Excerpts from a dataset
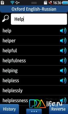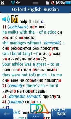 Oxford English dictionary - Russian-English dictionary for bada, a good helper not only in translation but also in language learning. IT contains over 185,000 words and phrases and 290,000 translations. In particular, dialects (Russian, British and American), modern idioms, colloquial speech, etc. the Dictionary includes most of the abbreviations and acronyms, grammar reference and transcription. There is also a table of irregular verbs. Additional features of the application can note transcription of words; morphology module, which allows you to look up words in any grammatical form; search history - quick access to the 20 most recent transfers, a list of previously viewed articles and special tests on the cards for learning new words and control success. Sound module contains about 50 000 words, recorded in high quality professional speakers. Possible to install programs to the memory card.
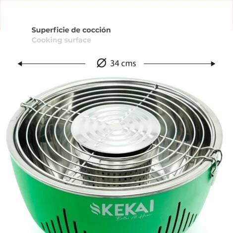 Scoprite la nuova generazione di barbecue a carbone con Kekai. I materiali di alta qualità e le ottime caratteristiche rendono questi barbecue portatili un must per tutti gli amanti della buona cucina. Il modello Crater è dotato di un sistema di raccolta in modo che il grasso rilasciato dal cibo non raggiunga il carbone, evitando così il fastidioso fumo nero e, quindi, può essere utilizzato ovunque. Inoltre, incorpora una ventola a batteria che espelle aria fredda verso la carbonella, facendo accelerare la brace e rendendo il barbecue pronto in pochi minuti. Ha dimensioni compatte che consentono di posizionare questa griglia portatile su un tavolo senza problemi, ed è molto sicura: ha una maniglia di sicurezza integrata e un sistema di bloccaggio per evitare che si muova durante il trasporto. Assaporate l’autentico sapore della griglia grazie a Kekai!nnCaratteristiche:n- Dimensioni: 35x35x25 cm.n- Peso: 4 kg.n- Materiale: acciaio inox.n- Colore: verde.n- Funzioni: Regolazione dell’aria.n- Finitura: verniciato a polvere. Lavabile in lavastoviglie.n- Carburante: carbone di legna.n- Attrezzatura: griglia per barbecue e ciotola per il grasso.n- Specifiche: Piano del tavolo. Parti rimovibili per la pulizian- Batteria: batteria A4x4 (non inclusa).
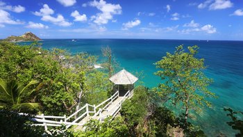 Es wäre schwer, einen romantischeren Honeymoon zu finden als diese Luxusvilla auf St. Lucia. Das Hideaway-Haus liegt über einer sandigen Bucht und verwandelt das Leben im Innen- und Außenbereich in eine exquisite Kunstform.
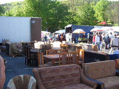 Jak na razie w targowe rody i handlowe pitki kupcy rozkadaj swoje stragany na zielonym rynku, praktycznie rzecz biorc blokujc cakowicie dojazd do sklep籀w zlokalizowanych nad rzek. Natomiast na parkingu rozrzucone stoiska dw籀ch, czy trzech kupc籀w, plus handlujcych meblami zajmuj ponad jedn trzeci miejsca.
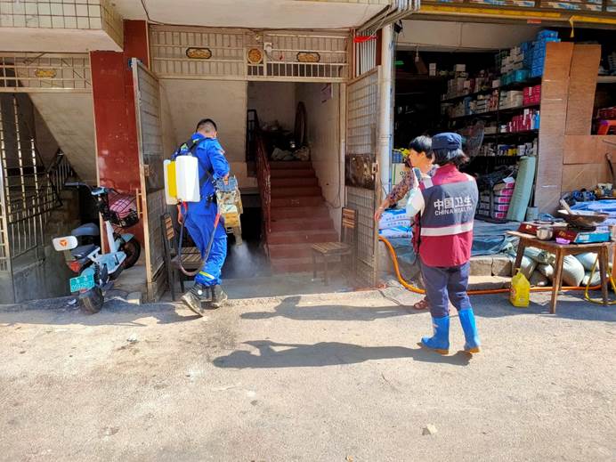 ▲县第四人民医院派出10名医务人员深入小区、车库、沿路铺面共43处指导汛后防疫消杀,并进行防疫防病知识宣传。
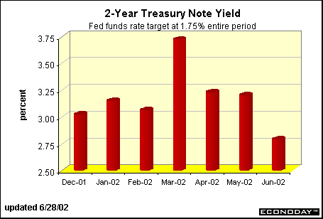 Now what?Bond investors have been whipsawed by the fluctuations in the equity market. When equity prices rise, bond prices have declined and vice versa. Bond market players, more than equity investors, are generally keyed to FOMC behavior. Earlier in the year, bond investors felt that the Fed would soon start raising its federal funds rate target because the economy was recovering. But since March, when equity prices and bond yields were at their highest levels of the year, investors have modified their expectations. By the beginning of June, it was becoming evident that the Fed was not likely to raise rates this summer. Aside from the fact that Treasuries are tied to Fed behavior, they are also the securities of choice for safe-haven investment. As investors fled the equity market in June, Treasury yields have fallen.
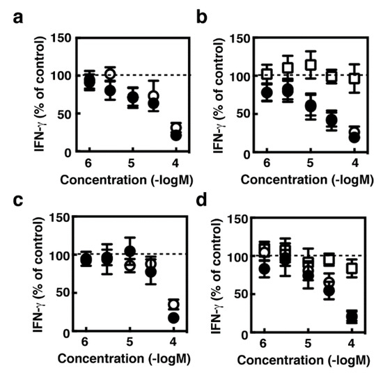 Suppressive effects of these histamine receptor antagonists on IFN-γ production were observed in relatively higher concentrations, indicating that a majority of the reported findings using these compounds should not be associated with suppressed IFN-γ production. This study will contribute to the development of novel therapeutic compounds targeting IFN-γ, which plays a critical role in the pathology of various diseases, such as autoimmune diseases and inflammatory bowel diseases [30,31].
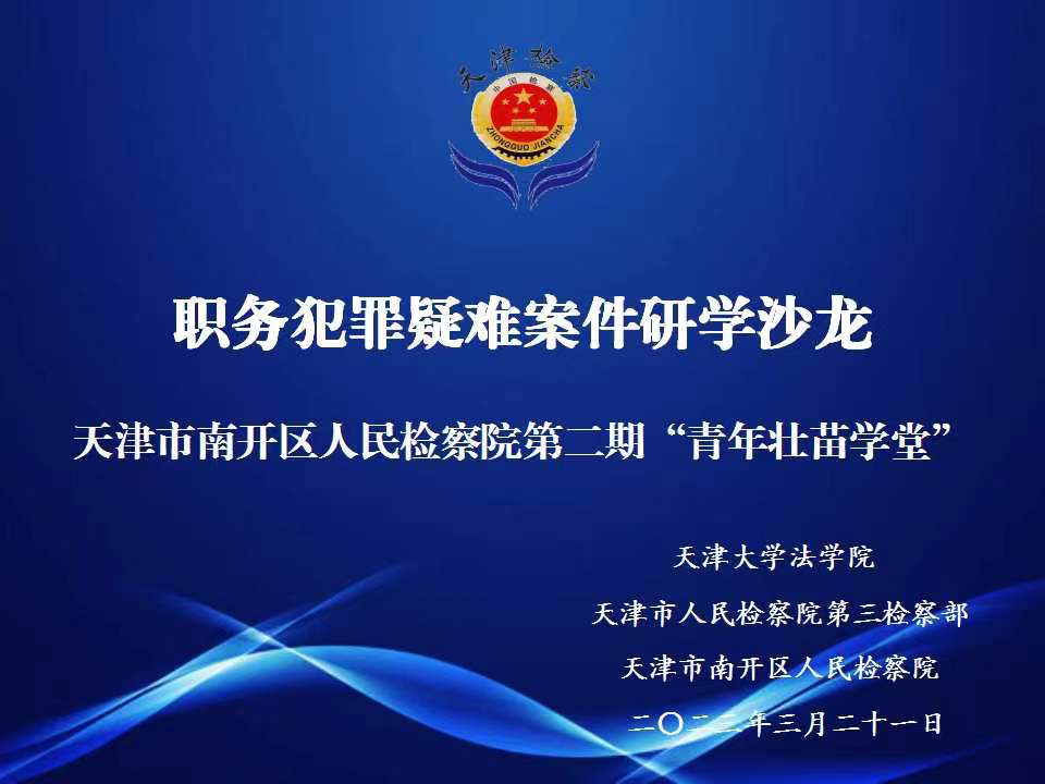 为认真贯彻落实习近平法治思想、党的二十大精神和教学实践相结合办学理念,法学院领导高度重视,亲自部署,2023年3月21日,天津大学法学院、天津市人民检察院第三检察部、天津市南开区人民检察院联合主办南开区人民检察院第二期“青年壮苗学堂”暨职务犯罪疑难案件研学沙龙。天津大学法学院刘霜教授、天津市南开区人民检察院副检察长张越、天津市人民检察院第三检察部副主任侯倩、天津大学法学院博士研究生仝帅、硕士研究生魏铭、天津市人民检察院、一分院、二分院、河北院、静海院、武清院、南开院职务犯罪检察条线的业务骨干、干警代表以及天津大学法学院刑法专业的硕士博士研究生参加了此次活动。

== Work order ==
Verbatim transcription needed, from the opening line of the entries above through the line containing "Scoprite la nuova"; pictures do not belong in it.

== The answer ==
 Oxford English dictionary - Russian-English dictionary for bada, a good helper not only in translation but also in language learning. IT contains over 185,000 words and phrases and 290,000 translations. In particular, dialects (Russian, British and American), modern idioms, colloquial speech, etc. the Dictionary includes most of the abbreviations and acronyms, grammar reference and transcription. There is also a table of irregular verbs. Additional features of the application can note transcription of words; morphology module, which allows you to look up words in any grammatical form; search history - quick access to the 20 most recent transfers, a list of previously viewed articles and special tests on the cards for learning new words and control success. Sound module contains about 50 000 words, recorded in high quality professional speakers. Possible to install programs to the memory card.
 Scoprite la nuova generazione di barbecue a carbone con Kekai. I materiali di alta qualità e le ottime caratteristiche rendono questi barbecue portatili un must per tutti gli amanti della buona cucina. Il modello Crater è dotato di un sistema di raccolta in modo che il grasso rilasciato dal cibo non raggiunga il carbone, evitando così il fastidioso fumo nero e, quindi, può essere utilizzato ovunque. Inoltre, incorpora una ventola a batteria che espelle aria fredda verso la carbonella, facendo accelerare la brace e rendendo il barbecue pronto in pochi minuti. Ha dimensioni compatte che consentono di posizionare questa griglia portatile su un tavolo senza problemi, ed è molto sicura: ha una maniglia di sicurezza integrata e un sistema di bloccaggio per evitare che si muova durante il trasporto. Assaporate l’autentico sapore della griglia grazie a Kekai!nnCaratteristiche:n- Dimensioni: 35x35x25 cm.n- Peso: 4 kg.n- Materiale: acciaio inox.n- Colore: verde.n- Funzioni: Regolazione dell’aria.n- Finitura: verniciato a polvere. Lavabile in lavastoviglie.n- Carburante: carbone di legna.n- Attrezzatura: griglia per barbecue e ciotola per il grasso.n- Specifiche: Piano del tavolo. Parti rimovibili per la pulizian- Batteria: batteria A4x4 (non inclusa).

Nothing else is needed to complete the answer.